Pictures must not appear in the copy. Restate exactly the lines below from the one with "Снимите 6 стойки" through the one with "Готовая комбинация подвесных", inclusive.

## RECORDS SUPPLIED
^^^^
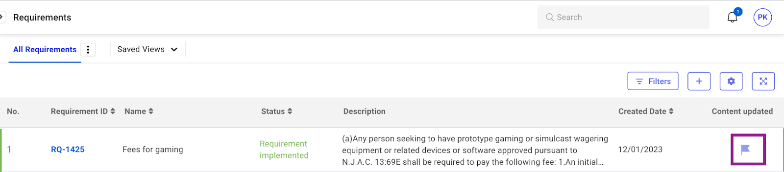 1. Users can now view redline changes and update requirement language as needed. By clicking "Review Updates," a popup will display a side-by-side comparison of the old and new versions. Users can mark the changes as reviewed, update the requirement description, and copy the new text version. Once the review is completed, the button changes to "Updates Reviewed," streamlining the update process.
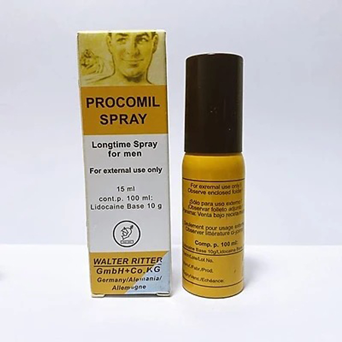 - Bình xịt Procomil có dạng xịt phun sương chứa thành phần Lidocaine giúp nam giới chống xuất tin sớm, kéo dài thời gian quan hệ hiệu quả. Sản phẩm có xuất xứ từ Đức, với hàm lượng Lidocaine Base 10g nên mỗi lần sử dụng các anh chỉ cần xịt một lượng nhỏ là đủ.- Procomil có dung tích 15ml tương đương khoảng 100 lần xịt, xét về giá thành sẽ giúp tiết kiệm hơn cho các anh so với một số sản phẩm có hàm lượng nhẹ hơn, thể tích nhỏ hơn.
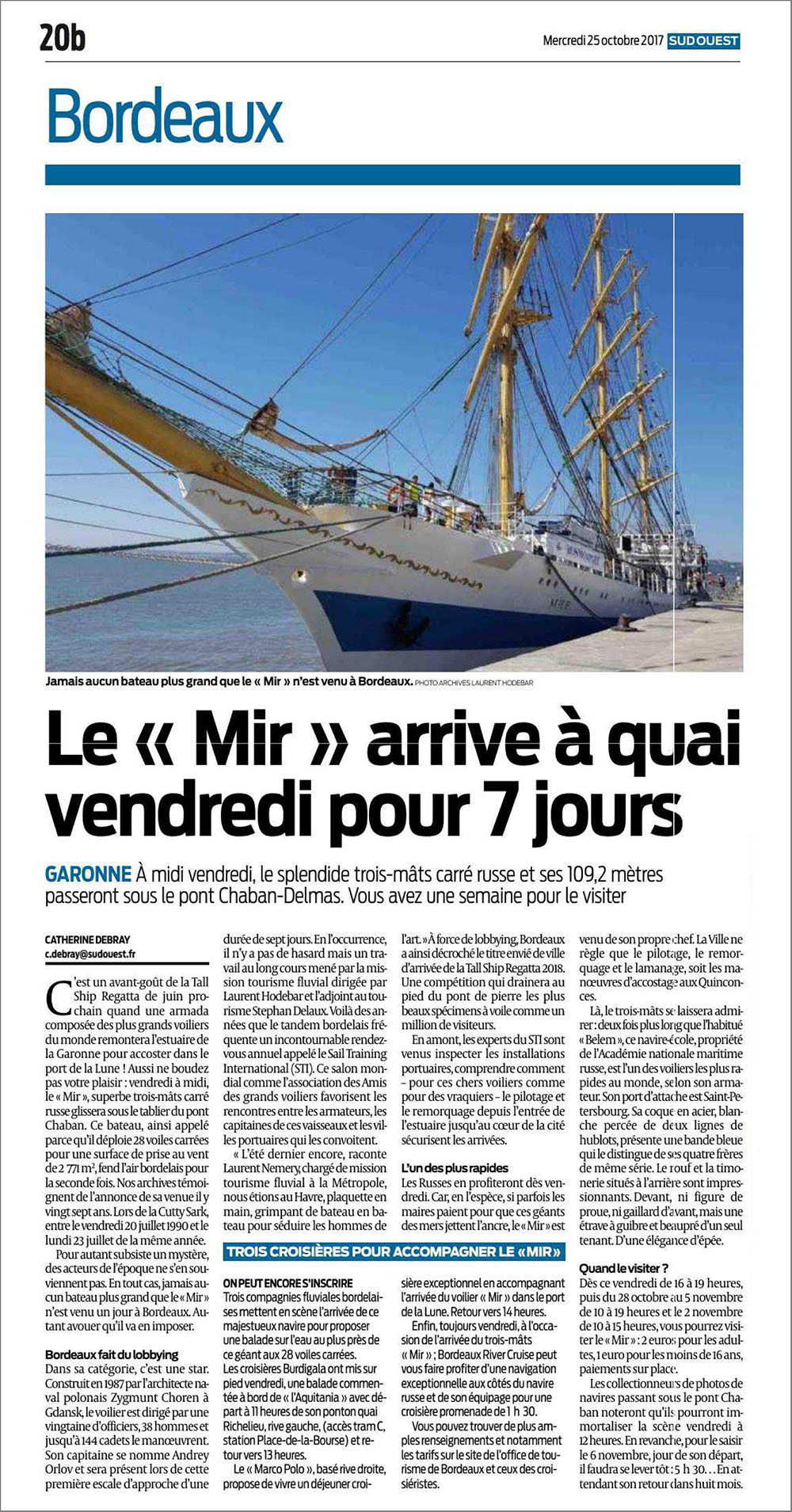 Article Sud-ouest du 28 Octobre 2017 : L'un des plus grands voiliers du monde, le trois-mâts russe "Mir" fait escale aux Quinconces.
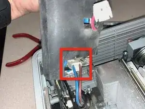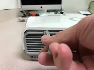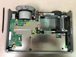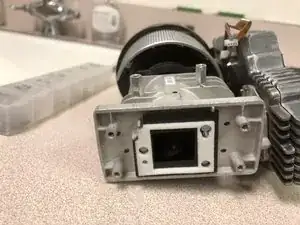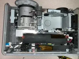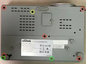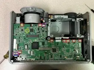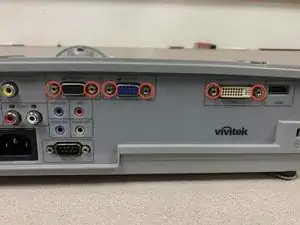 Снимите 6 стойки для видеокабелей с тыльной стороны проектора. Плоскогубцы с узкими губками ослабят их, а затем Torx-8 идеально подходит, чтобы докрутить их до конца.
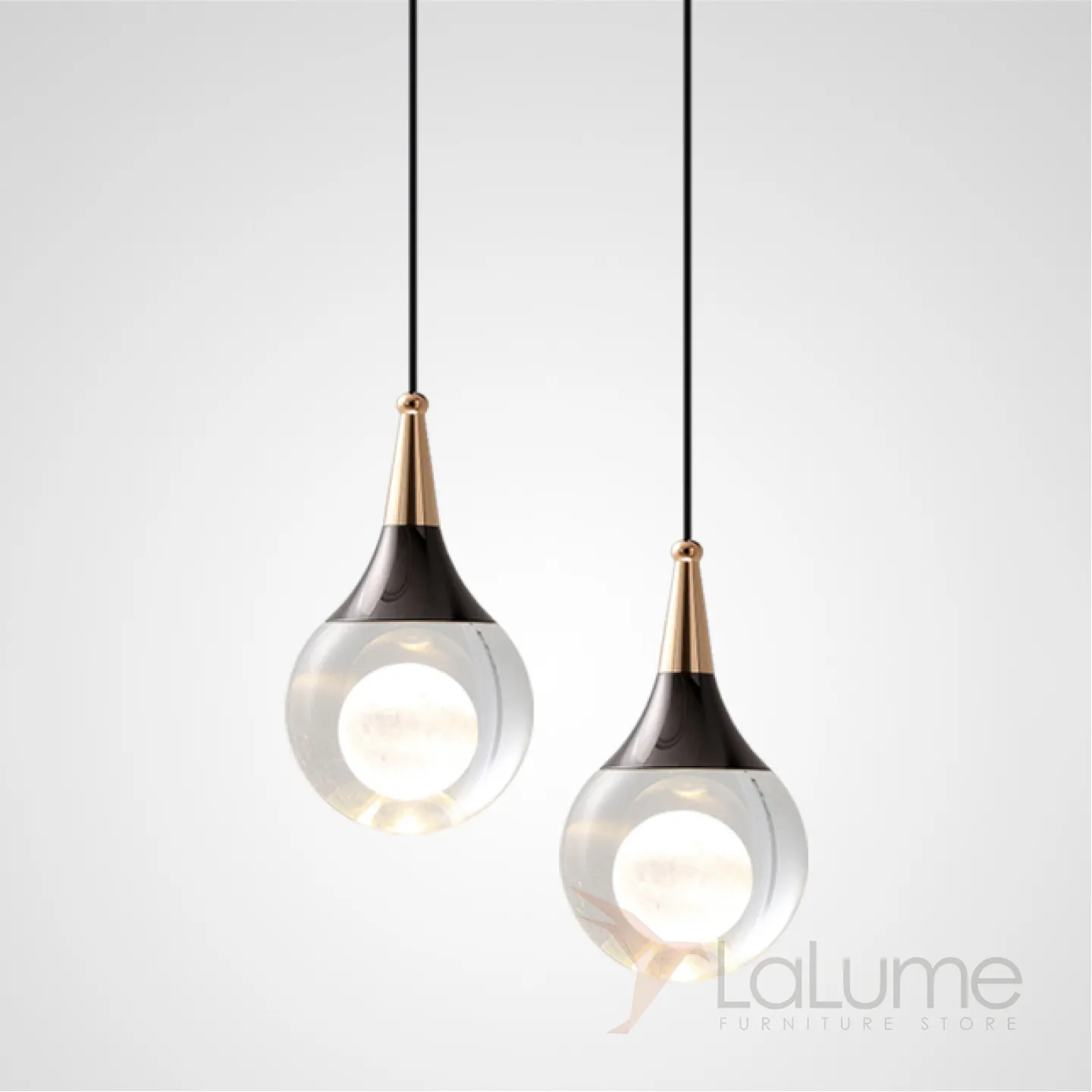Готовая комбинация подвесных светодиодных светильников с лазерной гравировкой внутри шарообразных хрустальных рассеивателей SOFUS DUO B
^^^^
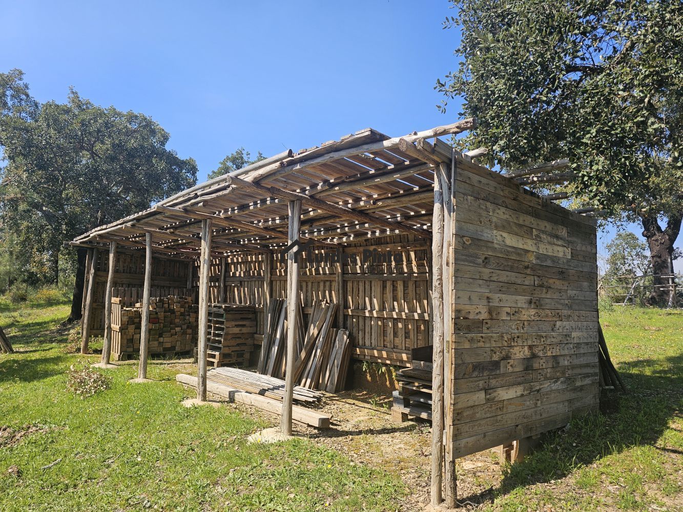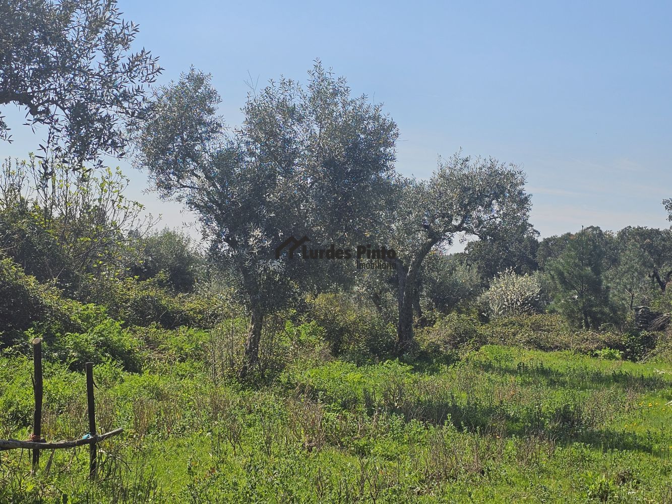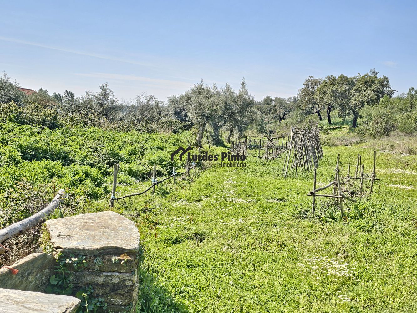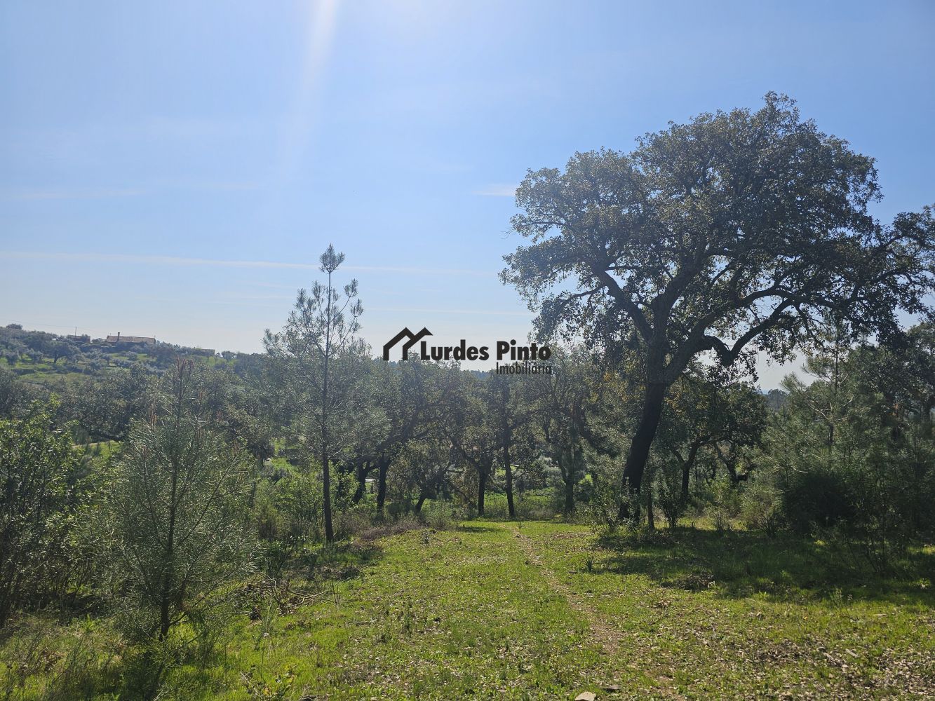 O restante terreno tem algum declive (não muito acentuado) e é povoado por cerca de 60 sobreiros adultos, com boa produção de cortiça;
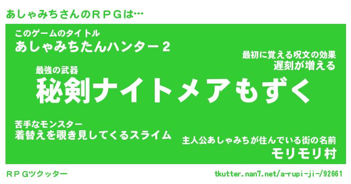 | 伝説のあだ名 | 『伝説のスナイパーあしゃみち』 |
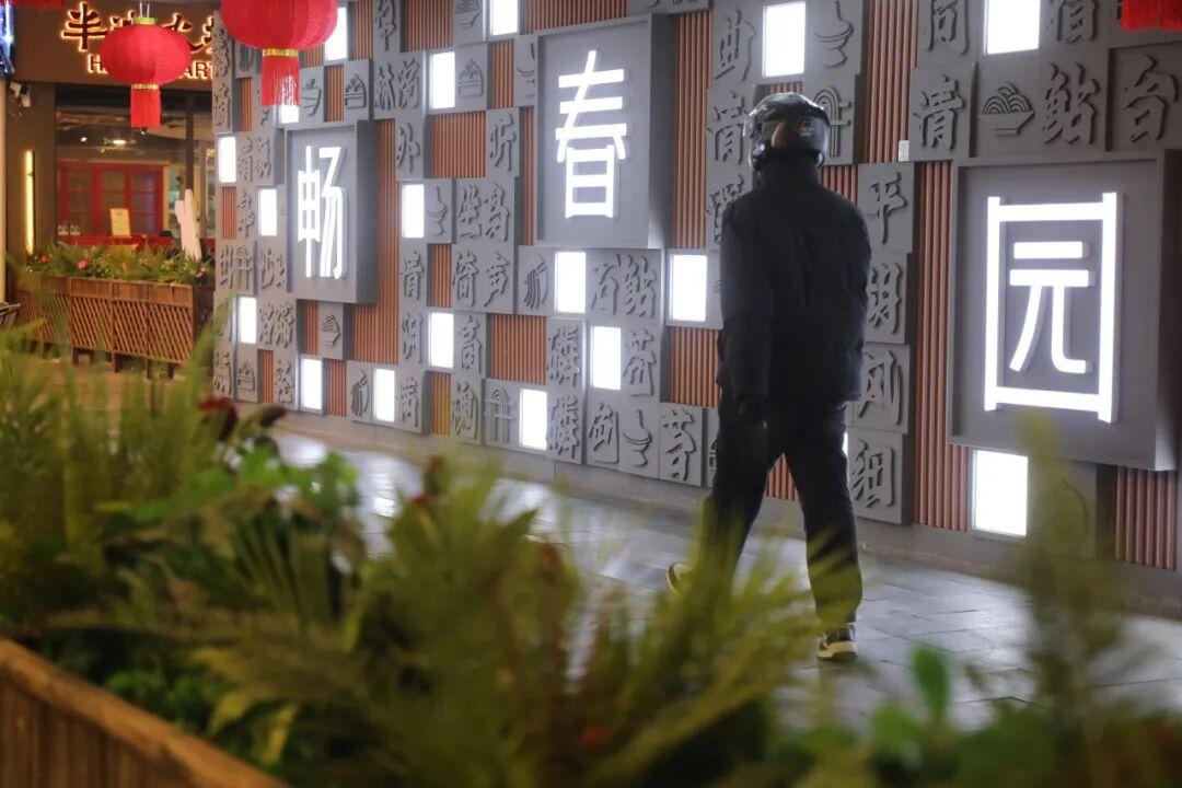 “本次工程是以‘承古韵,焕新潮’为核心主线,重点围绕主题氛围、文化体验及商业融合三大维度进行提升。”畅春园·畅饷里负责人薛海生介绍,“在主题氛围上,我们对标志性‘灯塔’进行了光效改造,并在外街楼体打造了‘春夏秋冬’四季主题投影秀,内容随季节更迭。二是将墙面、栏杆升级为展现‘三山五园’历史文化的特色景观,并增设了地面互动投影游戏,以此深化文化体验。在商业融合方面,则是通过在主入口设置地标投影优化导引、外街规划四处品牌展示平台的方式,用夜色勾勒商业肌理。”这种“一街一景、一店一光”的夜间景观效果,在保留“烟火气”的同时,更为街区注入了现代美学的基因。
^^^^
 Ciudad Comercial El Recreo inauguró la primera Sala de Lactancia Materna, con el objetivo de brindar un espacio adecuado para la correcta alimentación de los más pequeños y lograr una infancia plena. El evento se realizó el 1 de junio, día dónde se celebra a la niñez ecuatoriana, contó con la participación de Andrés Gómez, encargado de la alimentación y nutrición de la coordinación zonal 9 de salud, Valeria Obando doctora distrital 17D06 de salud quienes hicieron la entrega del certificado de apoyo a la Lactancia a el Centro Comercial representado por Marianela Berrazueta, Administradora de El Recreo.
^^^^
## TASK RESPONSE
 Снимите 6 стойки для видеокабелей с тыльной стороны проектора. Плоскогубцы с узкими губками ослабят их, а затем Torx-8 идеально подходит, чтобы докрутить их до конца.
Готовая комбинация подвесных светодиодных светильников с лазерной гравировкой внутри шарообразных хрустальных рассеивателей SOFUS DUO B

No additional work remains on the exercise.